Shouting at strangers to get off your lawn as you menacingly wave a crumbled newspaper is a thing of the past; in the near future, you’ll be sending stun-gun carrying drones after them. CUPID, short for Chaotic Unmanned Personal Intercept Drone, is an app-controlled six-pronged-copter flying drone that packs an 80,000-volt Taser dart ― legally surpassing policemen’s 50,000-volt Tasers.
The drone was first revealed at the SXSW Interactive Festival in Austin, TX, as a future security concept. It is the brainchild of Austin-based mobile software design studio Chaotic Moon. The drone is approximately the same size as a traditional hexacopter-style drone, but houses a more complex technology in the form of its stun-gun, facial recognition, tracking device, and autopilot.
The biggest design challenge was not actually automating all those systems, but protecting the core technology against the electromagnetic pulse that results as a byproduct when harnessing as much electricity as 80,000 volts. A stray EMP would instantly shut off the machine, sending it crashing down as soon as it fires the dart. The issue was rectified by surrounding all electronic elements in a Faraday Cage, a conductive enclosure that blocks electrical fields.
As an added benefit, any electronics within the vicinity of the EMP blast would also fry, adding in the extra annoyance of not only disabling trespassers, but also destroying their expensive gadgets.
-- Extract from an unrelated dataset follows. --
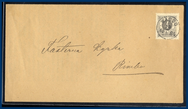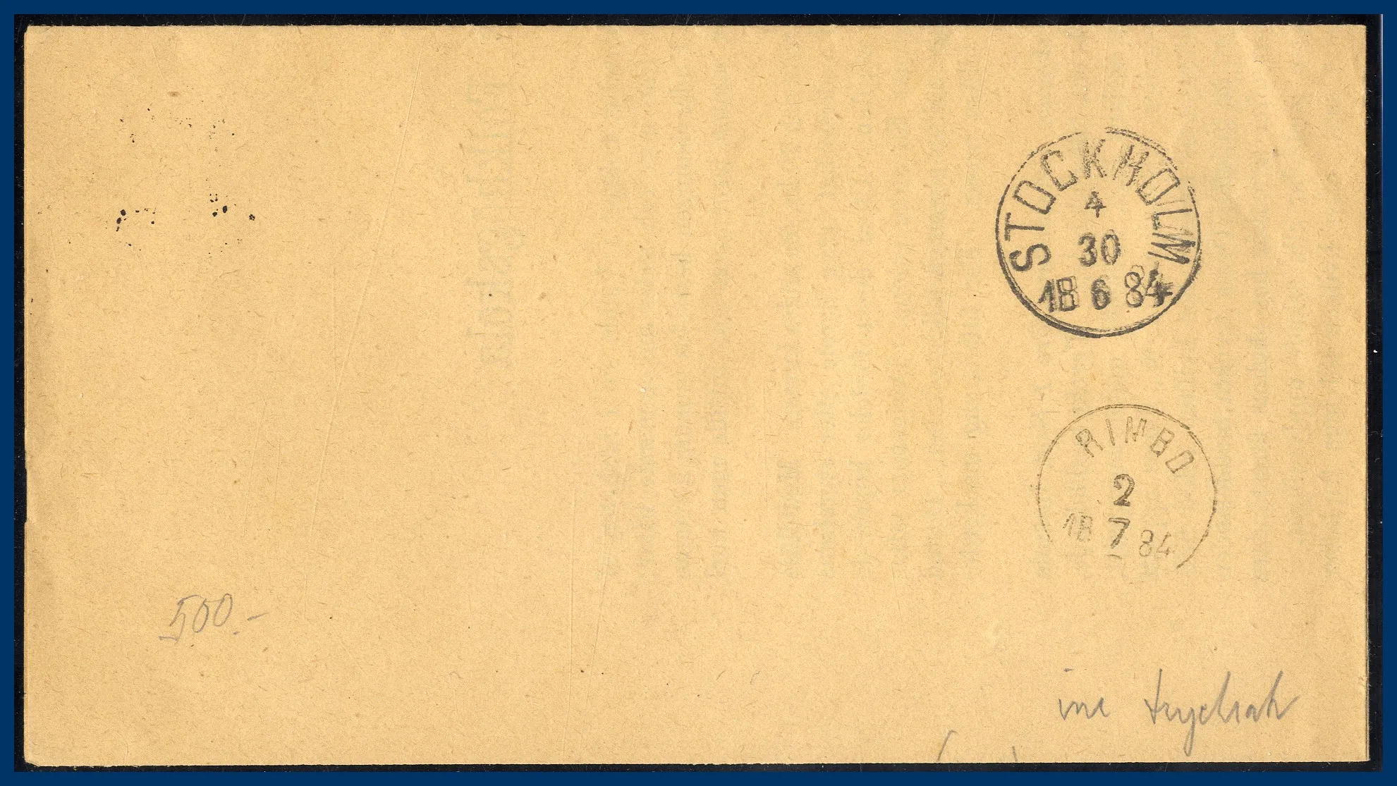 på inrikes trycksak till Rimbo. Transit Stockholm 4, 30/6 och ankomststämplat 2/7 på baksidan.
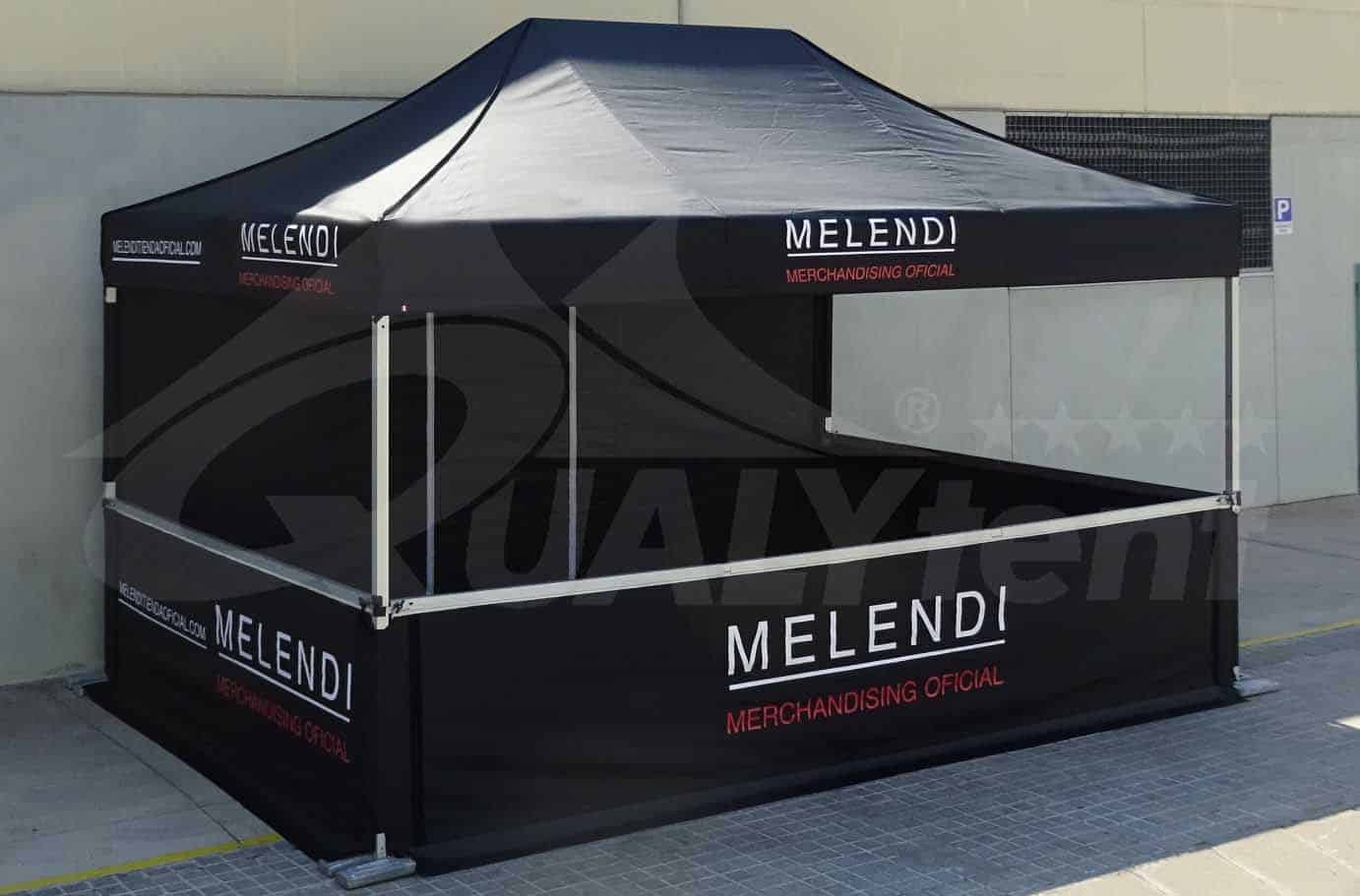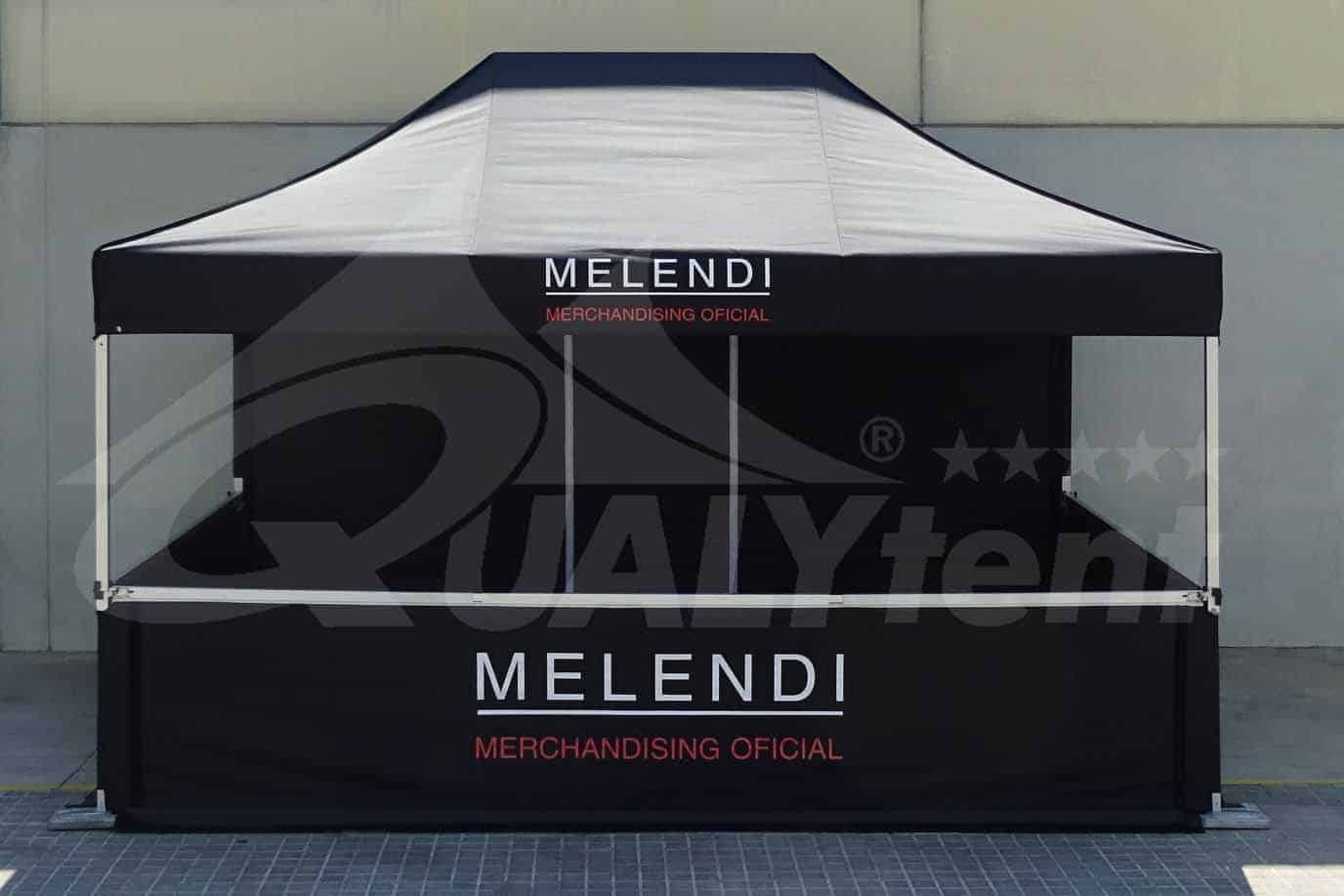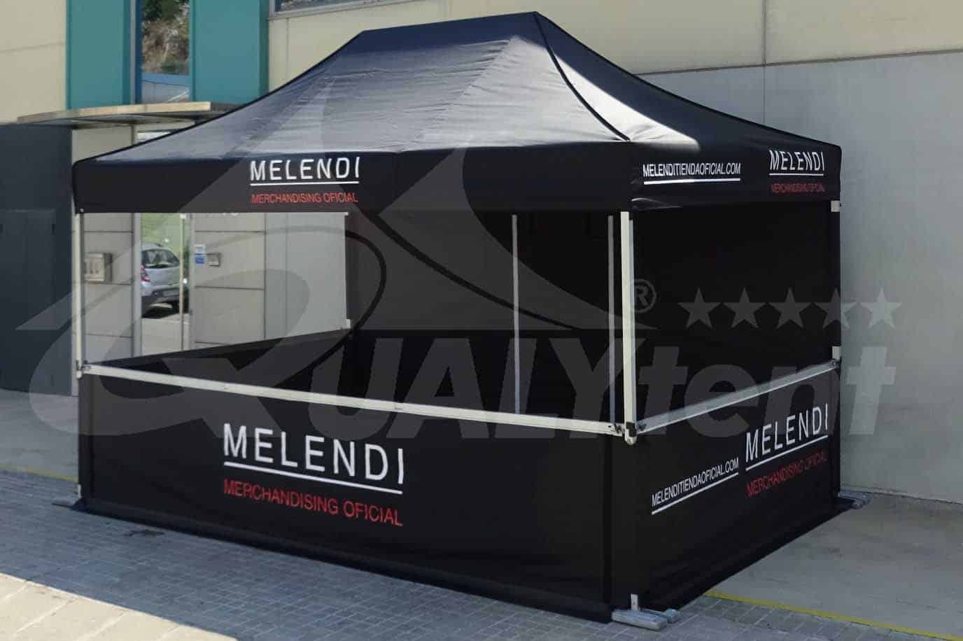 Una las carpas plegables que hemos fabricado y rotulado para el equipo del merchandising oficial de Melendi. Una carpa plegable de 3×4.5m de la serie Premium de Qualytent, perfectamente equipada para la atención al público en los conciertos del artista.

So if you plan on filming CUPID in action as reporters from The Verge did, CUPID’s chief designer, William “Whurley” Hurley, will require you stand at least five feet away.
Real-life application
Whurley’s ideal use for CUPID is simple: Once an intruder is spotted on a property, CUPID will fly over and transmit an image of their face. If the property owner does not grant clearance, then CUPID will issue an audio warning before tazering any uncompliant persons into submission, then wait the authorities to arrive.
Integrating these features is simple, Whurley assures The Verge, but CUPID was actually constructed as a publicity stunt to attract coverage, rather than a prototype for future production. Technology isn’t the challenge, he argues, but the politics is. Whurley believes that there’s definitely an element of future-shock surrounding the use of what is basically a flying, electrocuting robot; conducting demonstrations of tech in action is key in dispelling people’s fears of what could otherwise be a life-saving technology. Why send police officers into the location of an armed perpetrator when a robot could do the same, without jeopardizing the offcers’ lives?